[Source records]
'''
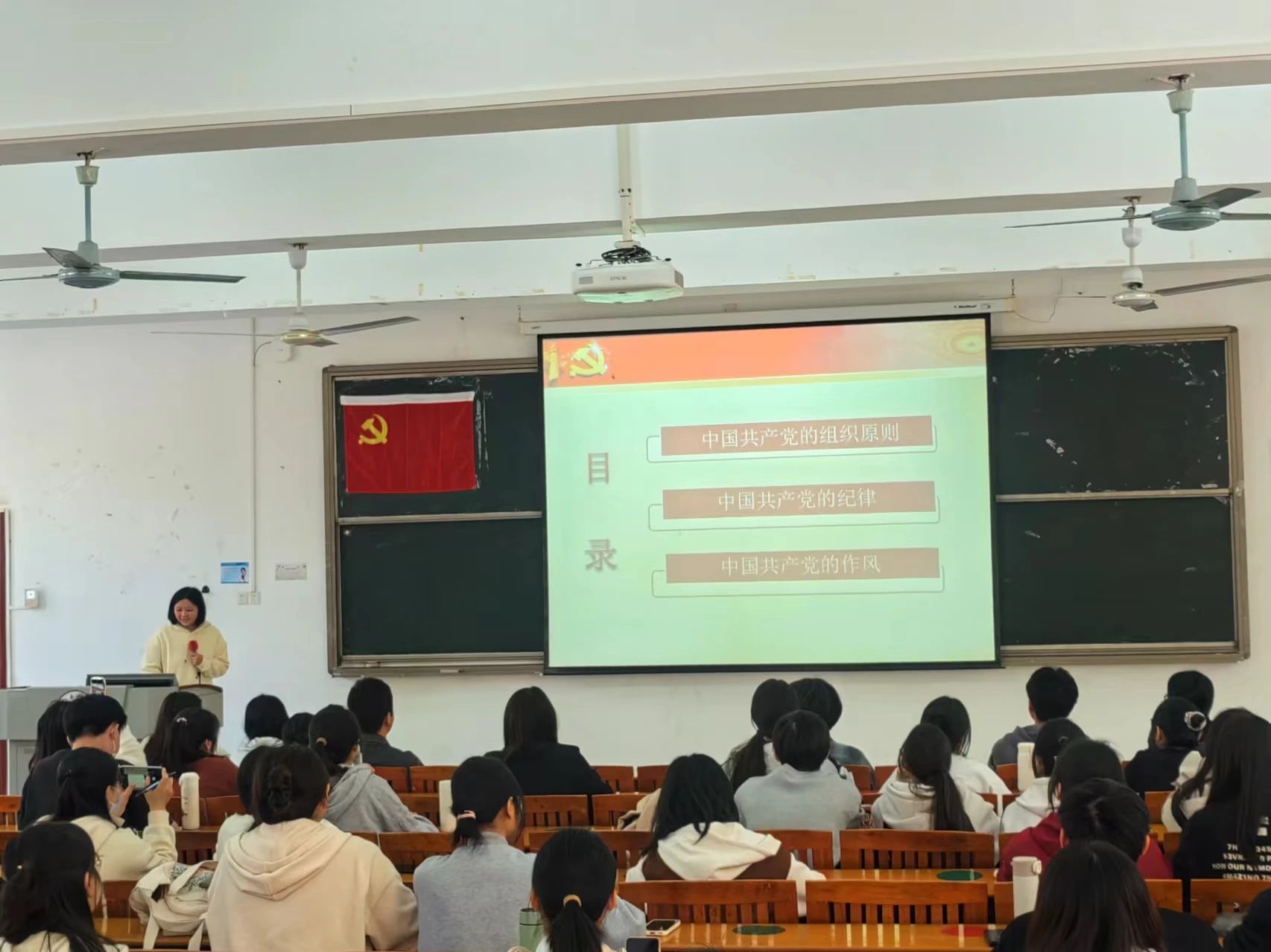 课程的最后,钟嘉颖老师希望同学们能够以党员的标准要求自己,以模范党员为榜样,践行党的优良作风,规范自身行为,立志做有理想担当的新时代好青年。
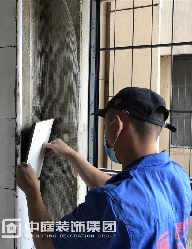 師傅貼磚排版考慮細(xì)心周到,確保窗口上沿用原始邊碰角整齊劃一。
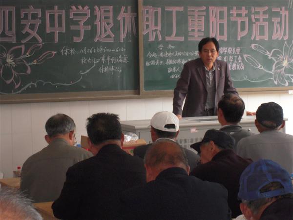 重阳节上午,四安中学近80位退休教职工欢聚“知苑”底楼一间教室,畅所欲言,庆重阳话学校发展。
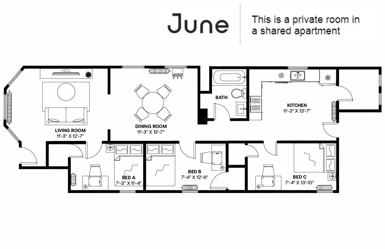 Suppose you are looking for a shared apartment in Logan Square, Chicago. In that case, you can choose this newly refurbished three bedrooms apartment on the one floor with a total size of 1087 sq. ft. with two other roommates, or you can rent this shared apartment on your own - if available. You can request to have your bedroom furnished or unfurnished.
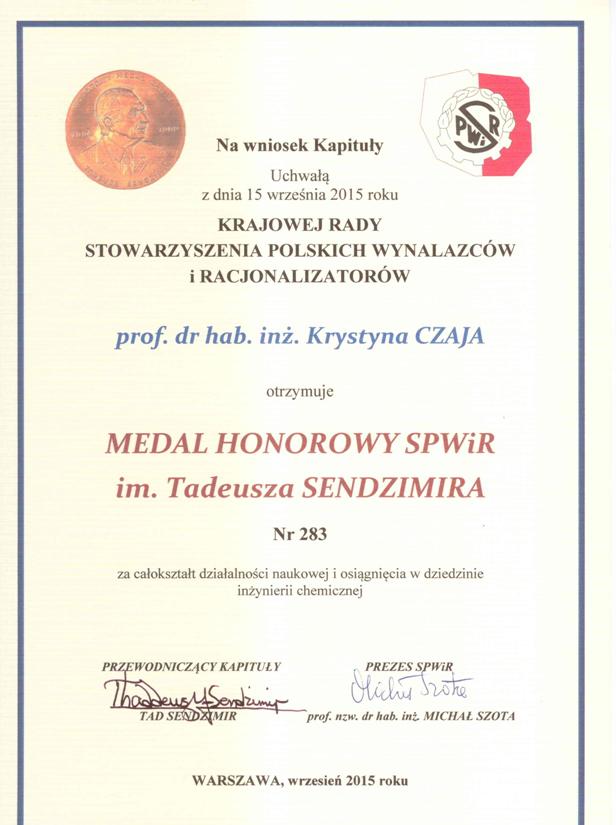 Dnia 14 października 2015r., na wniosek Kapituły Stowarzyszenia Polskich Wynalazców i Racjonalizatorów im. Tadeusza Sędzimira (SPWiR) nadano prof. hab. inż. Krystynie Czai, jako osobie zasłużonej dla ruchu innowacji, Medal Honorowy tego Stowarzyszenia. Uroczystość odbyła się podczas XVI Seminarium Honorowego Medalu SPWiR im. Tadeusza Sędzimira, które miało miejsce w Politechnice Warszawskiej podczas 9. Międzynarodowej Warszawskiej Wystawy Wynalazków – IWIS 2015.
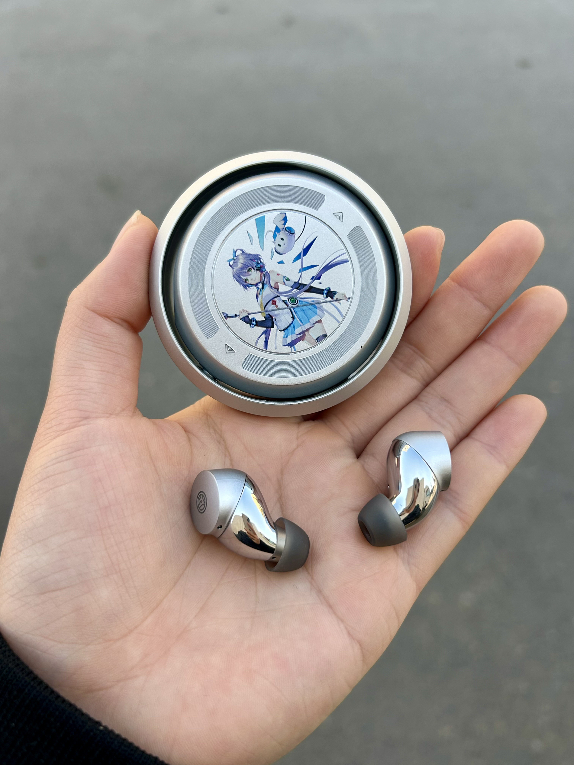 哈喽👋兄弟们👬 这里是小刘默爱奋斗💪 喜欢洛天依的兄弟有福喽! 最近挖到一款洛天依联名耳机🎧 第一眼看到它就被拿捏了🫴 圆形旋转设计超酷的!封面就是洛天依图案,真的超好看😍! 它的触屏超丝滑,可以切换不同音质模式,有降噪,环境音,普通。入耳很舒适,音质夜很不错👍 还赠送了洛天依徽章,超喜欢!
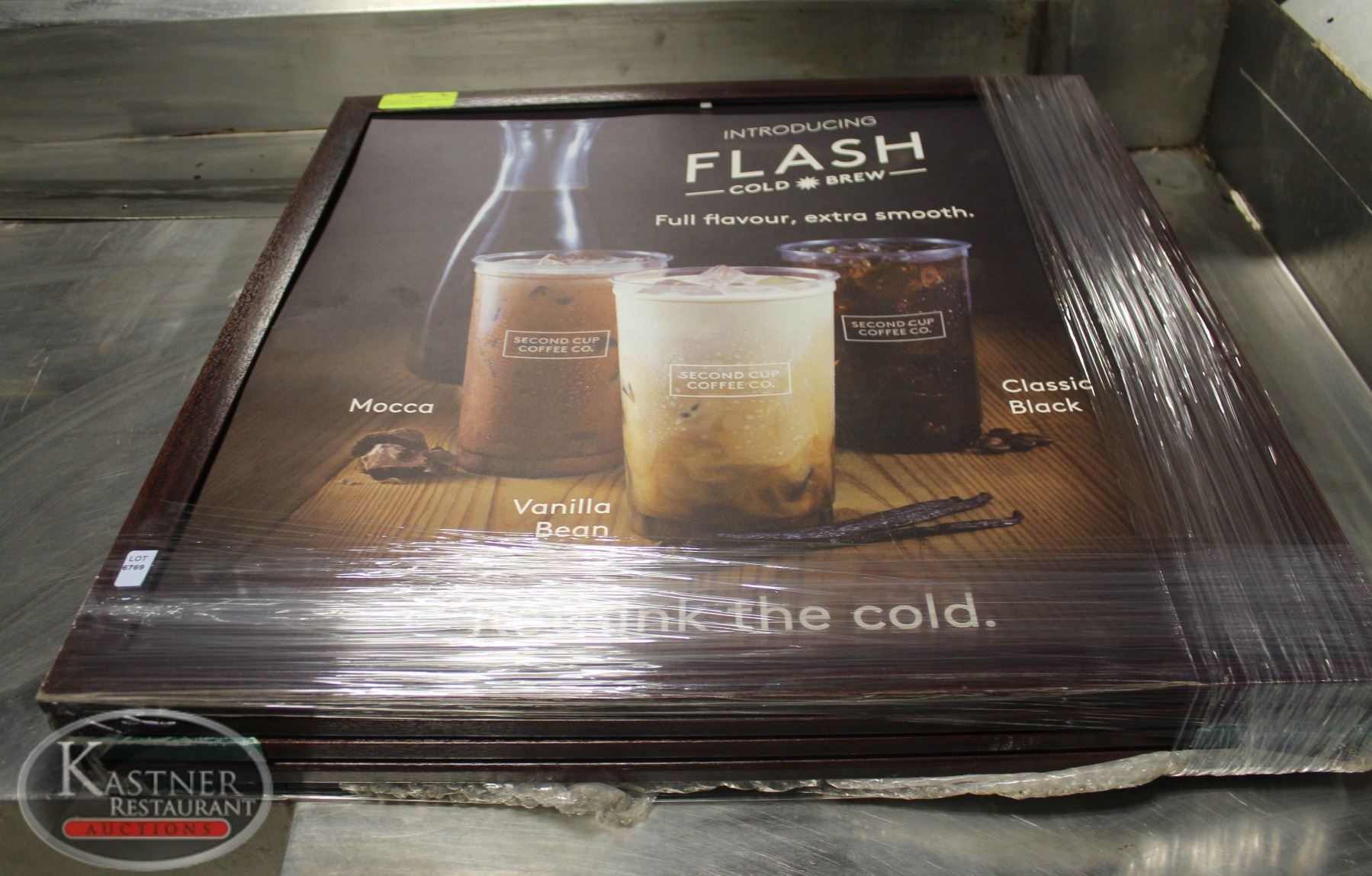 ADVERTISEMENT BOARDS W/ VINYL BACKING/INSERT. 25-1/2" X 25-1/2" X 5/8" VINYL: 23-7/8" X 23-7/8"
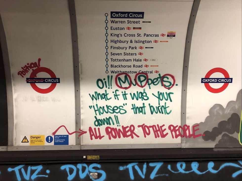 Travellers on the northbound Victoria and Bakerloo lines discovered the messages, which included the words: “Oi!! Muppets. What if it was your “houses” that burnt down!!! All Power to the people”, with the letters M P and S circled to refer to members of Parliament.
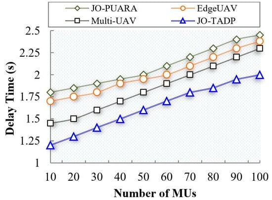 Figure 10 depicts the delay comparison between the proposed JO-TADP and the existing works in terms of the number of MUs. It can be noticed that when the number of MUs increases to 100, the delay time increases to 2 s. In contrast, the existing works JO-PUARA, Edge UAVs, and Multi-UAV achieve delays of 2.45 s, 2.38 s, and 2.3 s, respectively, higher than the proposed method.
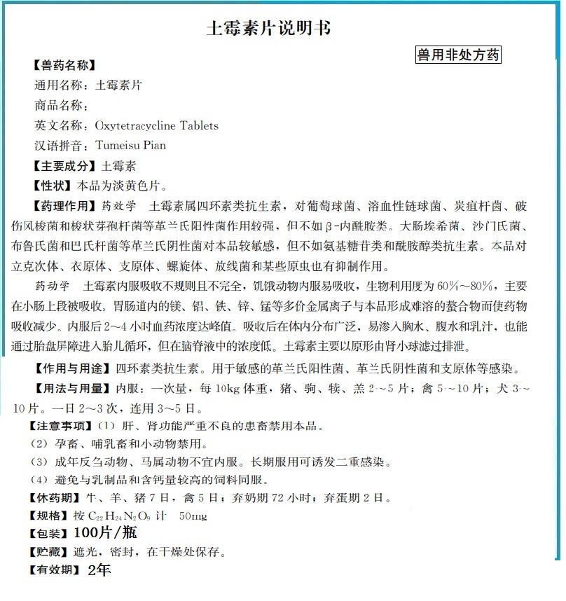 - 商品名称:【予邦】土霉素片100片 兽用兽药 国标可追溯 广谱抗生素抗菌细菌感染 大肠埃希菌沙门氏菌巴氏杆菌
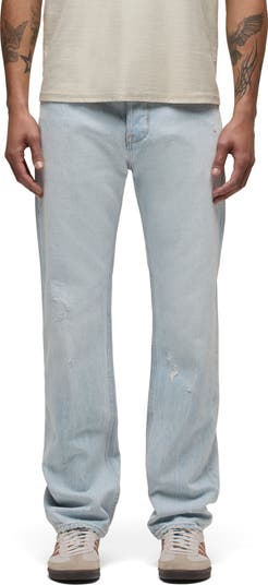 These jeans are cut from a faded-indigo nonstretch denim with signs of wear and abrasions that give them a well-loved broken-in look and feel the very first time you wear them.
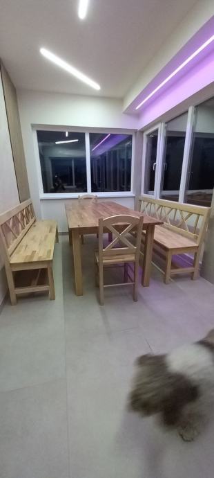 Stolovi se rade po meri table si izradjene od sitnih komada drveta ili cink ploca.
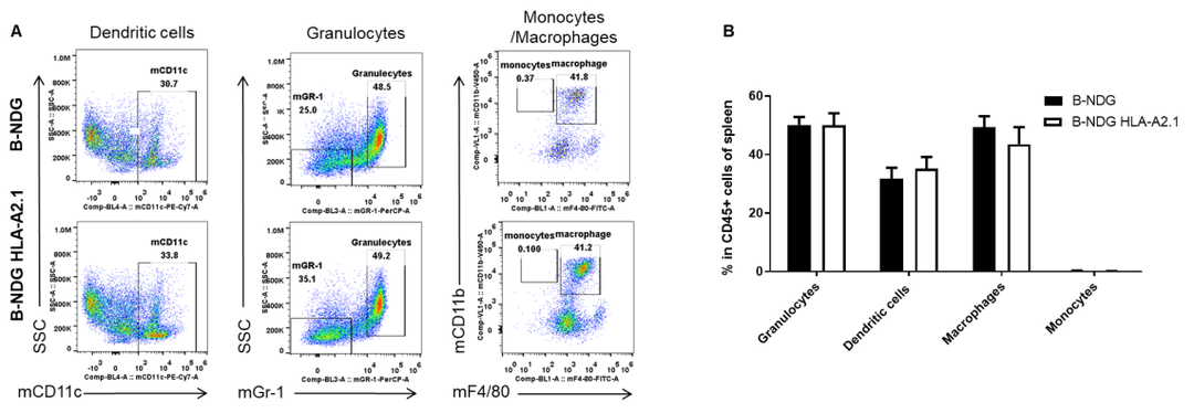 从B-NDG小鼠和B-NDG HLA-A2.1小鼠(n= 3,6周龄,雌性)分离脾细胞。流式细胞术分析脾细胞以评估白细胞亚群。结果表明:纯合B-NDG HLA-A2.1小鼠树突状细胞、粒细胞、单核细胞和巨噬细胞的百分率与B-NDG小鼠相似,表明人源化的B2M和HLA-A2.1不改变这些细胞在脾脏的整体发育、分化和分布。数值用平均值±SEM表示。
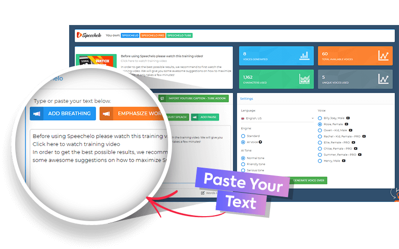 - 丰富的配音选择,包括不同年龄段和风格的男性和女性配音。
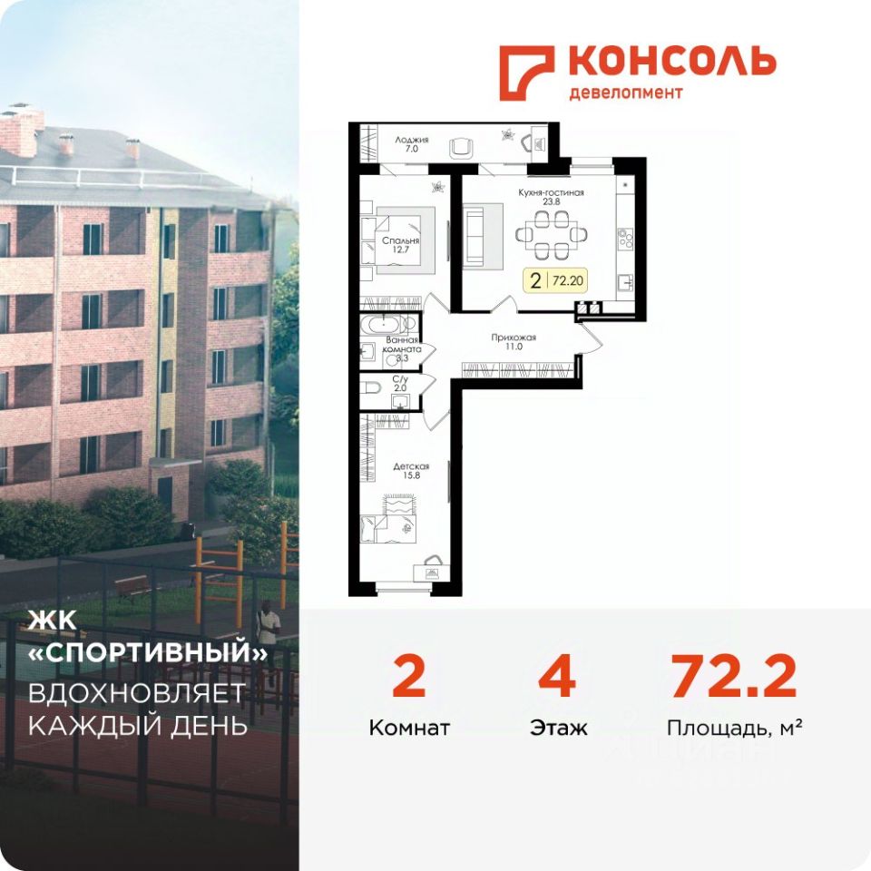 Продается двухкомнатная квартира 48 с черновой отделкой в ЖК ''Спортивный'' площадью 72.2 на 4 этаже от застройщика Консоль девелопмент.
'''
ASSIGNMENT: Transcribe every entry word for word, but omit the pictures.

OUTPUT:
 课程的最后,钟嘉颖老师希望同学们能够以党员的标准要求自己,以模范党员为榜样,践行党的优良作风,规范自身行为,立志做有理想担当的新时代好青年。
 師傅貼磚排版考慮細(xì)心周到,確保窗口上沿用原始邊碰角整齊劃一。
 重阳节上午,四安中学近80位退休教职工欢聚“知苑”底楼一间教室,畅所欲言,庆重阳话学校发展。
 Suppose you are looking for a shared apartment in Logan Square, Chicago. In that case, you can choose this newly refurbished three bedrooms apartment on the one floor with a total size of 1087 sq. ft. with two other roommates, or you can rent this shared apartment on your own - if available. You can request to have your bedroom furnished or unfurnished.
 Dnia 14 października 2015r., na wniosek Kapituły Stowarzyszenia Polskich Wynalazców i Racjonalizatorów im. Tadeusza Sędzimira (SPWiR) nadano prof. hab. inż. Krystynie Czai, jako osobie zasłużonej dla ruchu innowacji, Medal Honorowy tego Stowarzyszenia. Uroczystość odbyła się podczas XVI Seminarium Honorowego Medalu SPWiR im. Tadeusza Sędzimira, które miało miejsce w Politechnice Warszawskiej podczas 9. Międzynarodowej Warszawskiej Wystawy Wynalazków – IWIS 2015.
 哈喽👋兄弟们👬 这里是小刘默爱奋斗💪 喜欢洛天依的兄弟有福喽! 最近挖到一款洛天依联名耳机🎧 第一眼看到它就被拿捏了🫴 圆形旋转设计超酷的!封面就是洛天依图案,真的超好看😍! 它的触屏超丝滑,可以切换不同音质模式,有降噪,环境音,普通。入耳很舒适,音质夜很不错👍 还赠送了洛天依徽章,超喜欢!
 ADVERTISEMENT BOARDS W/ VINYL BACKING/INSERT. 25-1/2" X 25-1/2" X 5/8" VINYL: 23-7/8" X 23-7/8"
 Travellers on the northbound Victoria and Bakerloo lines discovered the messages, which included the words: “Oi!! Muppets. What if it was your “houses” that burnt down!!! All Power to the people”, with the letters M P and S circled to refer to members of Parliament.
 Figure 10 depicts the delay comparison between the proposed JO-TADP and the existing works in terms of the number of MUs. It can be noticed that when the number of MUs increases to 100, the delay time increases to 2 s. In contrast, the existing works JO-PUARA, Edge UAVs, and Multi-UAV achieve delays of 2.45 s, 2.38 s, and 2.3 s, respectively, higher than the proposed method.
 - 商品名称:【予邦】土霉素片100片 兽用兽药 国标可追溯 广谱抗生素抗菌细菌感染 大肠埃希菌沙门氏菌巴氏杆菌
 These jeans are cut from a faded-indigo nonstretch denim with signs of wear and abrasions that give them a well-loved broken-in look and feel the very first time you wear them.
 Stolovi se rade po meri table si izradjene od sitnih komada drveta ili cink ploca.
 从B-NDG小鼠和B-NDG HLA-A2.1小鼠(n= 3,6周龄,雌性)分离脾细胞。流式细胞术分析脾细胞以评估白细胞亚群。结果表明:纯合B-NDG HLA-A2.1小鼠树突状细胞、粒细胞、单核细胞和巨噬细胞的百分率与B-NDG小鼠相似,表明人源化的B2M和HLA-A2.1不改变这些细胞在脾脏的整体发育、分化和分布。数值用平均值±SEM表示。
 - 丰富的配音选择,包括不同年龄段和风格的男性和女性配音。
 Продается двухкомнатная квартира 48 с черновой отделкой в ЖК ''Спортивный'' площадью 72.2 на 4 этаже от застройщика Консоль девелопмент.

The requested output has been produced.